In his final appearance on state television on Thursday, when he
astounded most of his listeners by appearing to say he would remain
in office, he was no longer the stocky, confident military man who
was the only leader most Egyptians had ever really known. At 82, he
was frail and thin, with dyed black hair and a sometimes poignant
undercurrent of self-justification.
The Egyptian public, Egyptian political and military leaders, and
American officials all expected him to say he was handing over power.
But he apparently could not bring himself to say so, clinging to his
vision of himself as a reluctant leader tapped by fate to lead a
nation that could not survive without his guiding hand.
With his authority already belittled by the crowds in the streets,
with the people no longer silenced by the fear his security apparatus
had enforced, his words served only to demonstrate how out of touch
he had become.
"I have given my life serving Egypt and the people," he said,
suggesting it was he who was tired of them, and not the other way
around.
He failed this time using tactics that had so long sustained his
rule: the ability to divide and conquer the masses, to anesthetize
the population with promises, pay raises, subsidies and government
reshuffling. He spoke of preserving his dignity, but that is exactly
what the crowds in the street were fighting for, but for themselves.

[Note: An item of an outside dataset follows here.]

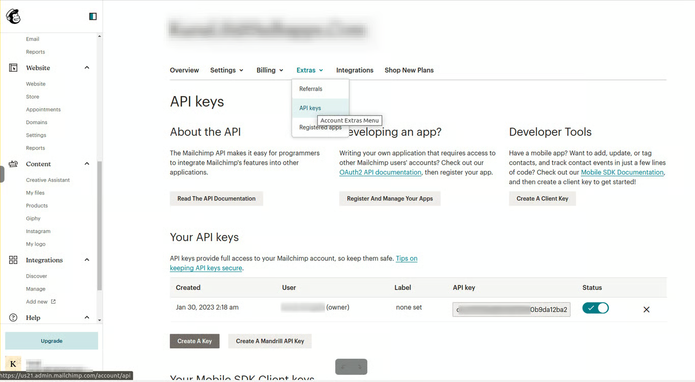- To locate the API Keys, log into your Mailchimp account.
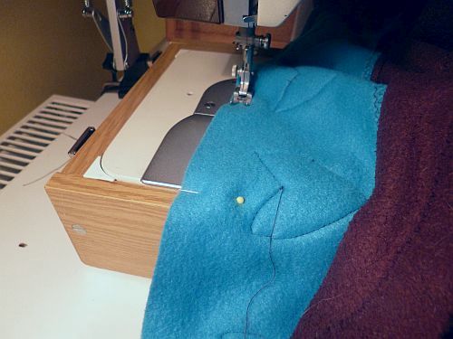 Rágombostűztem a tulipánokat a kék csíkra, és egyenes öltéssel felvarrtam, a szélüktől pár milliméterre vezetve a varrógéptűt. (Ha vastagabb anyagokból készült rátétekkel dolgozom, szeretem ezt a technikát alkalmazni a cikcakkvarrás helyett, így sokkal plasztikusabb lesz a végeredmény.)

During his tenure, Egypt's population doubled to more than 80
million. Life grew harder as the social contract between the state
and citizens broke down. Satellite television and the Internet meant
the state could no longer control what people knew, and so its
narrative was often ignored or even mocked.
The gap between rich and poor became greater, and politics became
less ideological and more about common demands: for freedom,
democracy, social justice, rule of law and economic equality.
Mr. Mubarak's government struggled to prevent people's economic
dissatisfaction from becoming political, but in the end, that failed
too. As he feared, the Egyptian people blamed the entire system.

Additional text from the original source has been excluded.